Cette nuit-là, la saturation en oxygène de Lewis a chuté si bas que même le réglage de 85% de l’oxymètre de pouls était trop élevé pour empêcher l’alarme de se déclencher. L’infirmière a éteint l’oxymètre de pouls, toujours dans l’espoir que Lewis puisse dormir un peu. Mais dans son état, il ne pouvait pas dormir. Nous avons passé la nuit à essayer de gérer ses douleurs atroces, ses nausées et sa faiblesse croissante. Lorsque la technicienne en signes vitaux est arrivée le lendemain matin, elle n’a pas trouvé de tension artérielle. L’interne et les infirmières ont donc passé 2 ¼ heures à parcourir l’hôpital, à la recherche d’un appareil ou d’un brassard de tensiomètre capable d’enregistrer une lecture. En tout, ils ont pris sa tension artérielle 12 fois avec sept instruments différents. La crise a été déclarée terminée lorsqu’une résidente de deuxième année est arrivée de la salle d’opération et, dans un élan d’optimisme, a annoncé qu’elle avait trouvé une pression sanguine normale.

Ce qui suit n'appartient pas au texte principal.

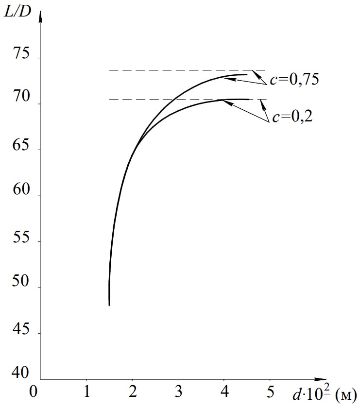 Рис. 8. Зависимость левитационного качества L/D от толщины полотна d при различных значениях ширины полотна с

Un peu plus d’une heure plus tard, Lewis a fait un arrêt cardiaque et est mort. Aucun médecin traitant n’avait été appelé.

L’autopsie pratiquée le lendemain matin a révélé un ulcère duodénal perforé, un risque bien connu du médicament Toradol. A partir d’un effet secondaire mortel connu d’un médicament qu’il prenait, Lewis avait développé une péritonite et perdu près des trois quarts de son sang en l’espace de 30 heures, alors que son jeune soignant nous assurait que rien n’était gravement défectueux.

Ce qui est arrivé à Lewis est le résultat d’un système qui n’avait aucune attention pour ses patients. Les résidents et les jeunes infirmières étaient laissés seuls pour effectuer des tâches pour lesquelles ils n’étaient pas suffisamment formés, sans capacité à reconnaître un patient en déclin et sans personne vers qui se tourner lorsque des questions se posaient. Notre famille a également été laissée complètement isolée, sans moyen d’appeler à l’aide. Les tendances des signes vitaux n’étaient pas notées ni même consignées. Le seul moniteur objectif, l’oxymètre de pouls, a d’abord été modifié, puis réduit au silence. Personne n’était là pour parler au nom du patient.